(DATA LISTING)

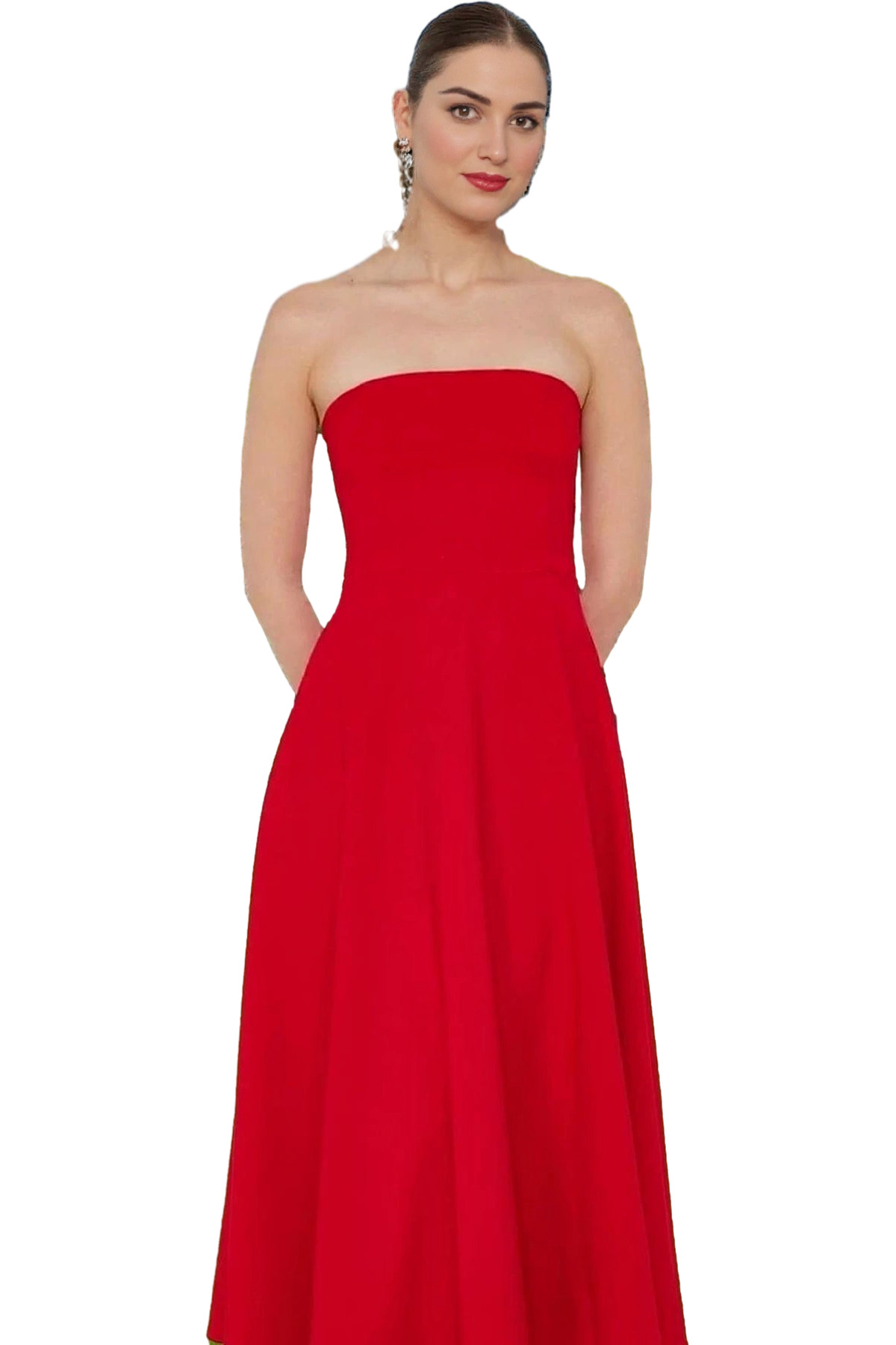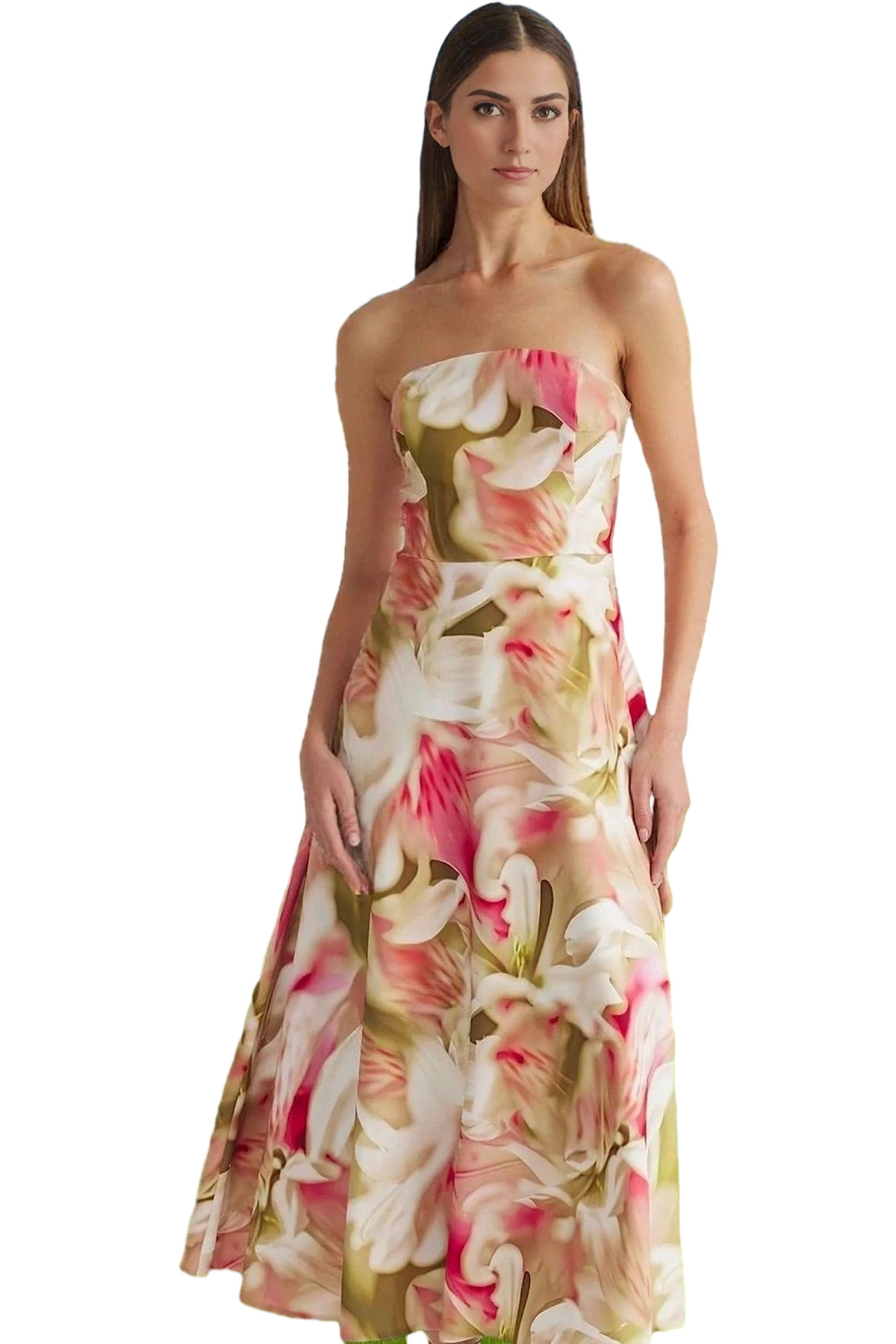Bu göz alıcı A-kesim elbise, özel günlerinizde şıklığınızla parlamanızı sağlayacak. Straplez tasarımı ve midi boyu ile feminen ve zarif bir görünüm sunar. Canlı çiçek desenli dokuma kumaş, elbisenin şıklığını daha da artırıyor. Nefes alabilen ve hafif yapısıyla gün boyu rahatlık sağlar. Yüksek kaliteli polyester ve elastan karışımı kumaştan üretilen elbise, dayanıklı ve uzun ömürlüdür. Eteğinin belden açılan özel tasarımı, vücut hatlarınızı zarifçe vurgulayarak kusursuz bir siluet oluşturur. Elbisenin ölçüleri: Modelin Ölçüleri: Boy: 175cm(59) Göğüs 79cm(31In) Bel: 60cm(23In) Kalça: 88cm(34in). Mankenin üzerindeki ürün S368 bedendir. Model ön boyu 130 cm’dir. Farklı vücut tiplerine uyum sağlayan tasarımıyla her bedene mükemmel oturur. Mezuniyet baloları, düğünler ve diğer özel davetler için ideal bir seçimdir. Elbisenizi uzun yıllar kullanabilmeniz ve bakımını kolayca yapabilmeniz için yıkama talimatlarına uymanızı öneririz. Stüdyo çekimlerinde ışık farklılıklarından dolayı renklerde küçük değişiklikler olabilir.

(End DATA LISTING)
(DATA LISTING)

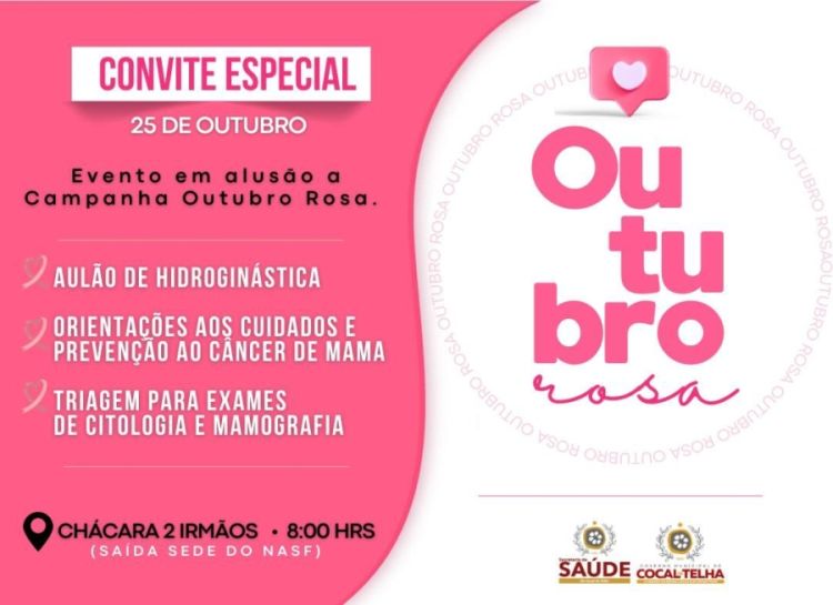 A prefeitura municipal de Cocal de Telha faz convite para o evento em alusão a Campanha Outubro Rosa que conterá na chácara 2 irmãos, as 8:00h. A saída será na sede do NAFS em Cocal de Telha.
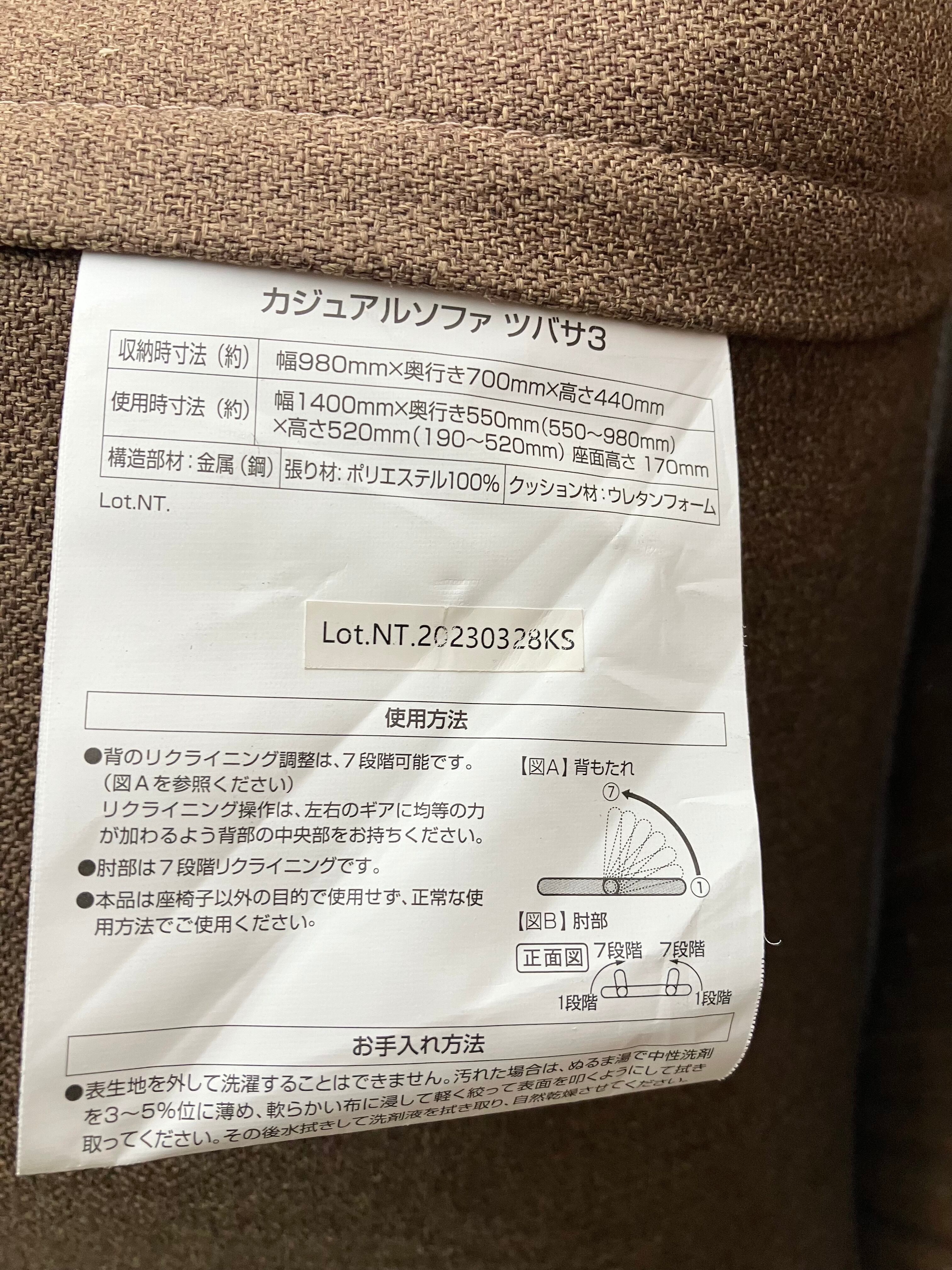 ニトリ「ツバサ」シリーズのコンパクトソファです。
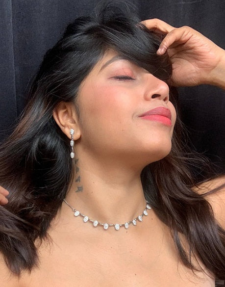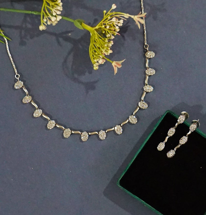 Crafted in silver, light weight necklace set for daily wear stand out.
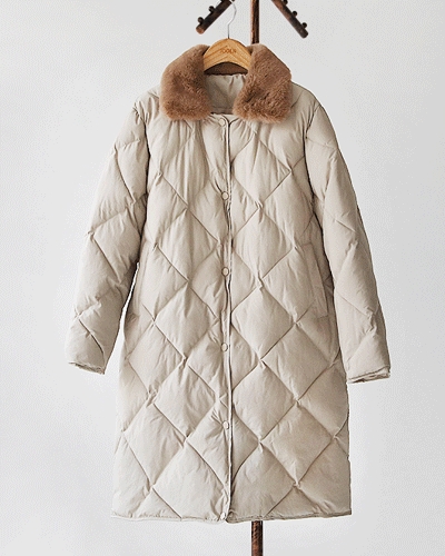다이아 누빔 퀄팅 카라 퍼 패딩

(End DATA LISTING)

DIRECTIONS FOR THIS TASK -> Reproduce the listing above from the line that holds "A prefeitura municipal" through the line that holds "다이아 누빔 퀄팅 카라 퍼 패딩", both included, with the pictures left out.

FINISHED EXERCISE ->
 A prefeitura municipal de Cocal de Telha faz convite para o evento em alusão a Campanha Outubro Rosa que conterá na chácara 2 irmãos, as 8:00h. A saída será na sede do NAFS em Cocal de Telha.
 ニトリ「ツバサ」シリーズのコンパクトソファです。
 Crafted in silver, light weight necklace set for daily wear stand out.
다이아 누빔 퀄팅 카라 퍼 패딩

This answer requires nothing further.